Felix: Ich würde erstmal 2 Teiche verbinden und den 3. als Reserve belassen, evtl. als Aufzuchtbecken für Futterfische und Krebse oder ganz einfach nur als Wasserreservoir für niederschlagsarme Zeiten... Auf jeden Fall hat eure Anlage Potenzial und es läßt sich was schönes daraus bauen! 

Wichtig wäre,  auch Teich- und Malermuscheln mit Bitterlingen einzubringen, evtl. auch Schlammschnecken. 
Das habe ich bei meinem Miniteich gemacht, allerdings erst, als die Bepflanzungen abgeschlossen waren. Wollte dann  (vor der Flutung) noch einen kleinen Steg bauen, habe aber die Pfähle falsch gesetzt, so daß ich keine Balken und Bretter in einer Flucht anbringen konnte.

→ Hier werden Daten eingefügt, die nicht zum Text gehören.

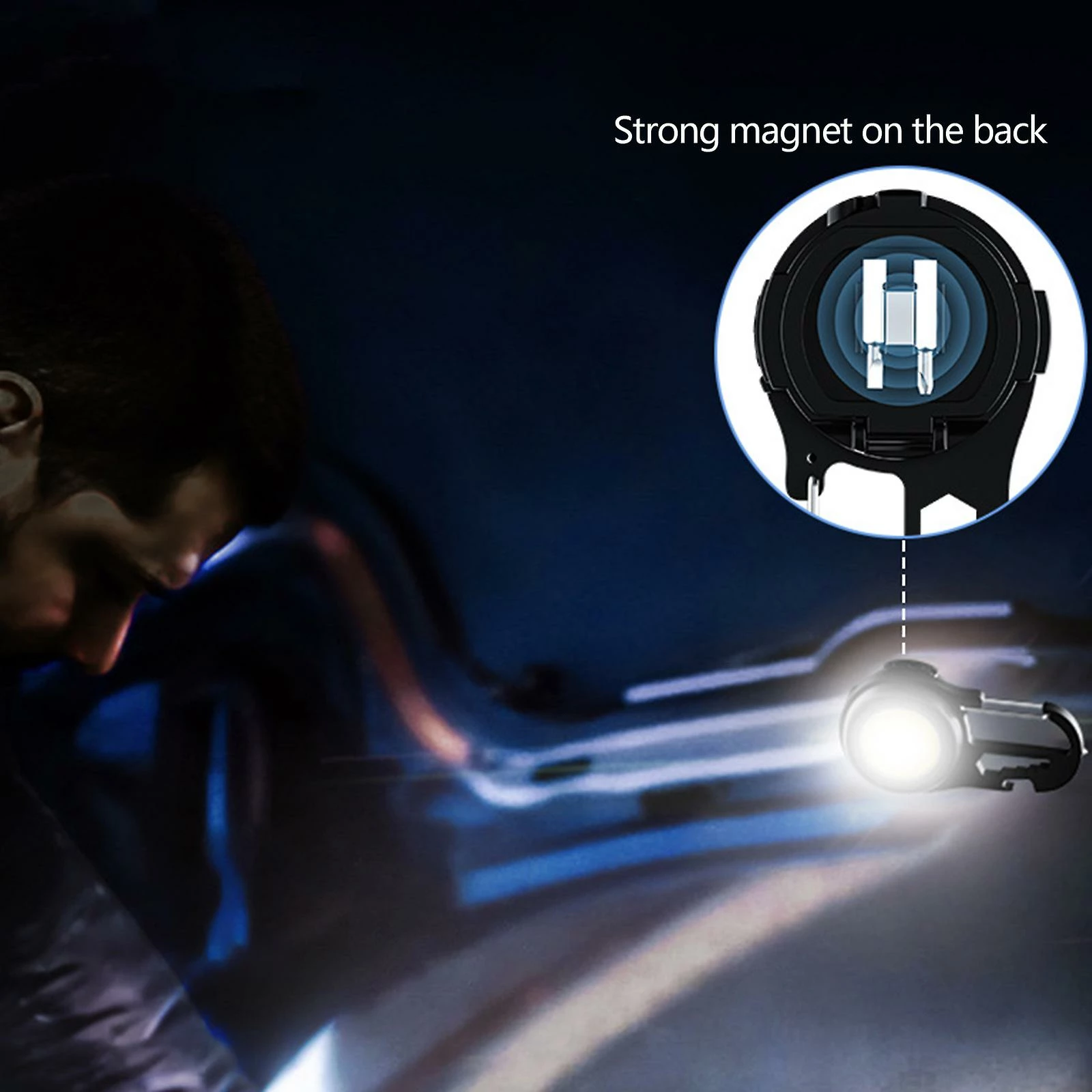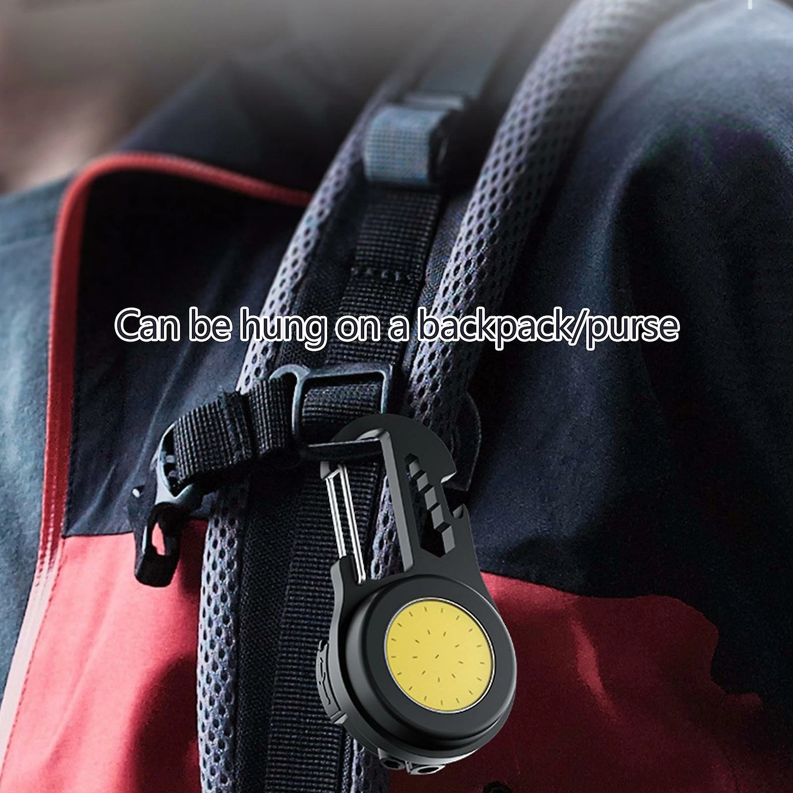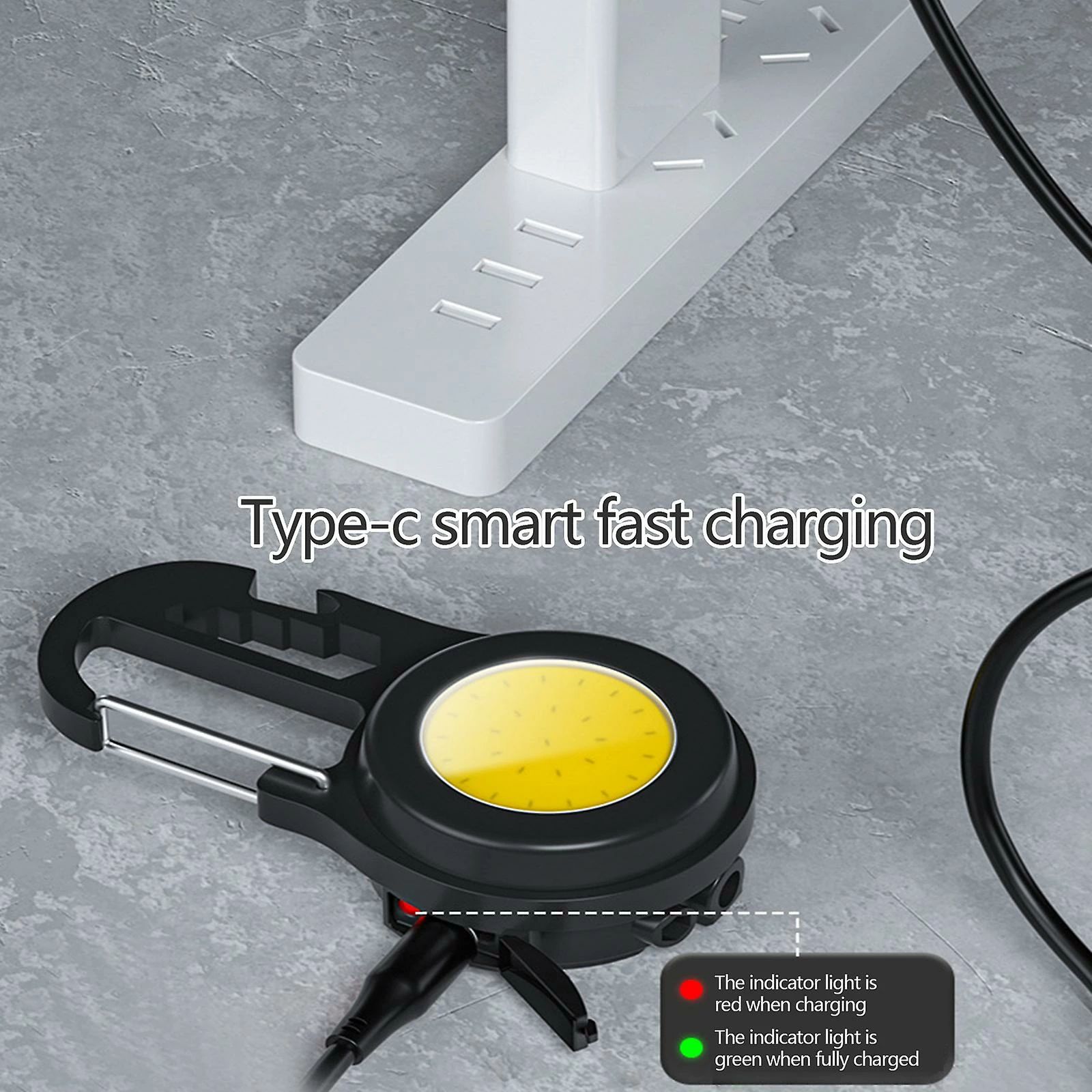Keychain flashlights four-speed switching/ COB light brightness is 800 lumens, and the main light has four light sources; strong light (2H), medium light (4H), flash (6H), long press to burst (1H), 100 square meters In-meter lighting is clearly visible.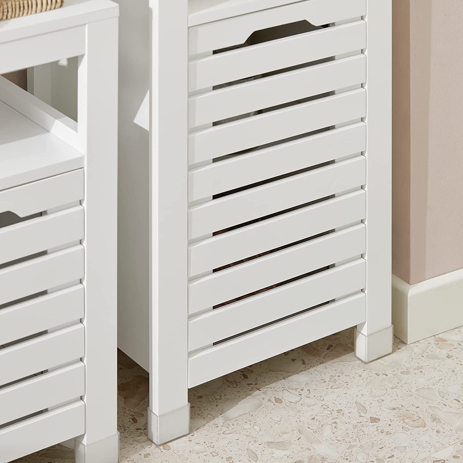 - Wordt geleverd met siliconen voethoezen, die deze kast niet alleen beschermen tegen vocht in de badkamer, maar ook uw vloer effectief beschermen tegen krassen.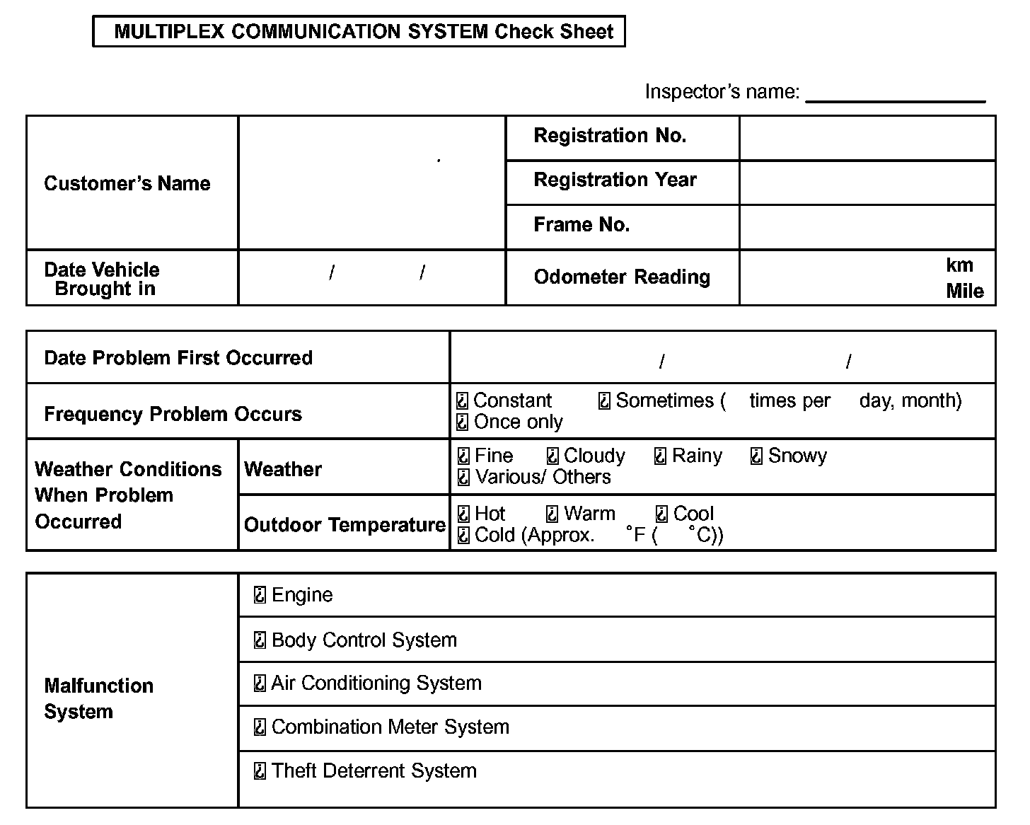 Multiplex Communication System Check Sheet: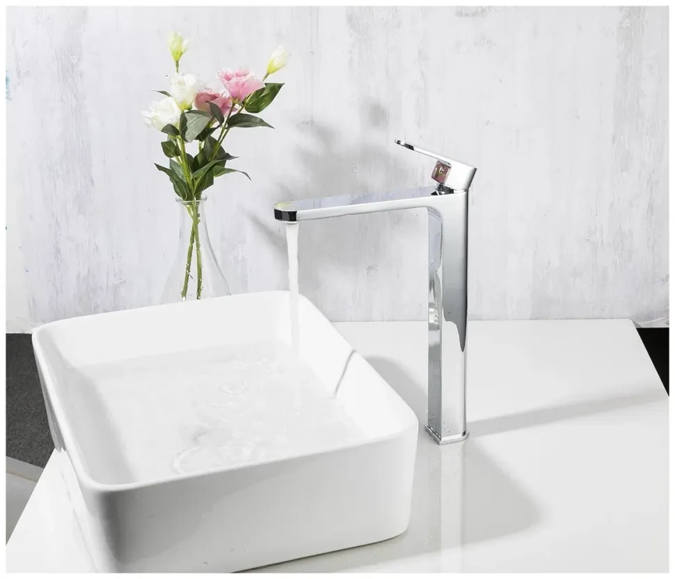 Смеситель для умывальника Gappo G1083-2 - однорычажный смеситель с высоким изливом для отдельностоящего умывальника. Цвет - хром.

Wichtig auch der Überlauf, das die Anlage bei zuviel Regen nicht überschwemmt wird.  Da ich auch in Mittelfranken zuhause bin, kann ich dir /euch evtl. vor Ort oder in eurer Runde noch einige Tips zu Pflanzen und zur Neu- bzw. Umgestaltung geben, da ich aus dem Garten- und Landschaftsbau komme. 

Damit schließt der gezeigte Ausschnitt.